Each video file had multiple encodings, resolutions, and was living in the buckets with different prefixes.

What is the size of the data if you ask, thousands of terabytes is the answer. It grows at the rate at which videos are created in Takatak (~ 1.5M/day), assuming 15MB as the average of each video file, with its transcoded part we are looking at a ~15MB * 1.5M = ~22TB of raw data dumped every day into the bucket. This data would be then encoded and stored which resulted in more data.

With each passing day, we were breaching our timelines to start live migration and eventually delaying the app release.

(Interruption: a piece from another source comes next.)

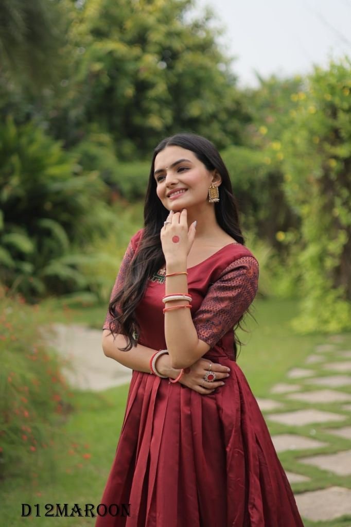 Silk Gown And simple weave with a sharp hand, Jacquard fabric is a highly textured fabric with patterns that are woven, rather than printed into the fabric, And it gives adorable loos to woman who deeply think in cloth what is to choose.

We had around 700Million videos to be migrated from TakaTak to MOJ Takatak within “DAYS”. All this data was mandatory to train our models for the feed, start the QA and launch the alpha version for the initial test.

The Options

GSUTIL

gsutil is a Python application that lets you access Cloud Storage from the command line.

Pros:

Easy to set up and use.
Works with S3 and GCS out of the box.
Multithreading Support.

Cons:

Not recommended for migrating large amounts of data, as the speeds won’t be enough which will result in delay in the transfer.
Not much configurable.

Gsutil is an amazing util, we used it multiple times to transfer files from and to the clouds. We definitely recommend gsutil if the file size is small.

Google Transfer Service [Recommended by Google Support team]

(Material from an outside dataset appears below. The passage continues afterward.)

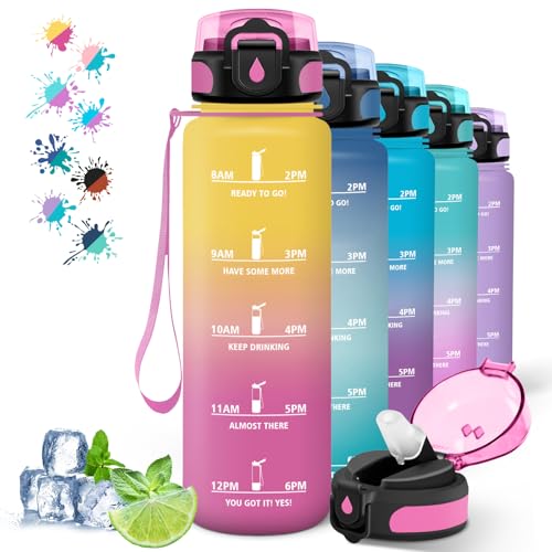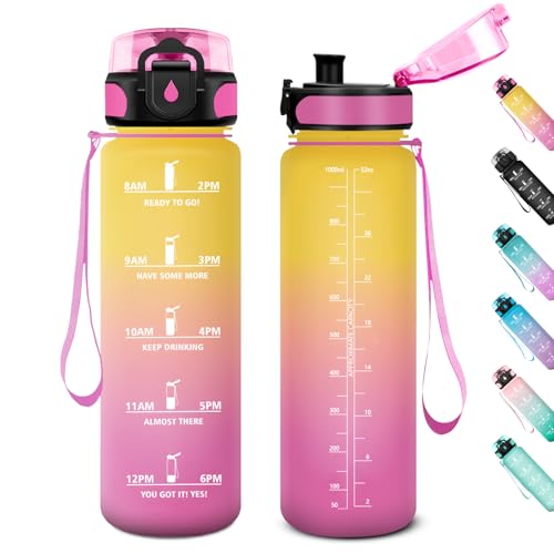 Flaska, 1 liter vattenflaska, läckagefri, gymflaska med sugrör, lätt att bära, vattenflaska med drickstid, för cykling, yoga, vandring, gul-rosa

Google transfer service offers data migration between clouds. It is a managed service by Google which provides transferring data between public and private clouds. It works well out of the box.

Pros:

Supports transfer between private and public clouds.
Supports transfer from public urls.

Cons:

Speeds are not up to the mark for transferring data in large volumes and where files are large in number.

We initially chose this solution as this was recommended by Google support team because of its simplicity. The solution was pretty simple to set up but couldn’t meet our requirements, as we wanted something which is more configurable, has more throughput , because the only one thing that we didn’t have was time.

Transfer Appliance

Transfer Appliance is a high-capacity storage device that enables you to transfer and securely ship your data to a Google upload facility, where google uploads the data to Cloud Storage.

Pros:

Suited for data that is in terabytes.
Google handles the upload of the data.
Data can be encrypted by the client and is safe in transit.

Cons:

Not suitable for data beyond 300TB, as it would require ordering multiple appliances as max capacity supported is 300TB, which will add to more costs.
Ordering Transfer Appliance plus data upload takes a lot of time.

We removed this solution from our list because we didn’t have much knowledge about the procedure to order the appliance and plus it had some limitations in terms of the data that can be transferred per machine.

Time taken to transfer X PB of data

Calculator to calculate how much time it takes to transfer X amount of data

Google Transfer Service

We did a POC on Google Transfer Service to see whether it can solve the problem. In our initial run, we were getting speeds up to 2 GB/s and increasing. We assumed that these will increase as we proceed. But when we ran the job for the final data the gains started diminishing, and we ended up at speeds around ~700MB/s.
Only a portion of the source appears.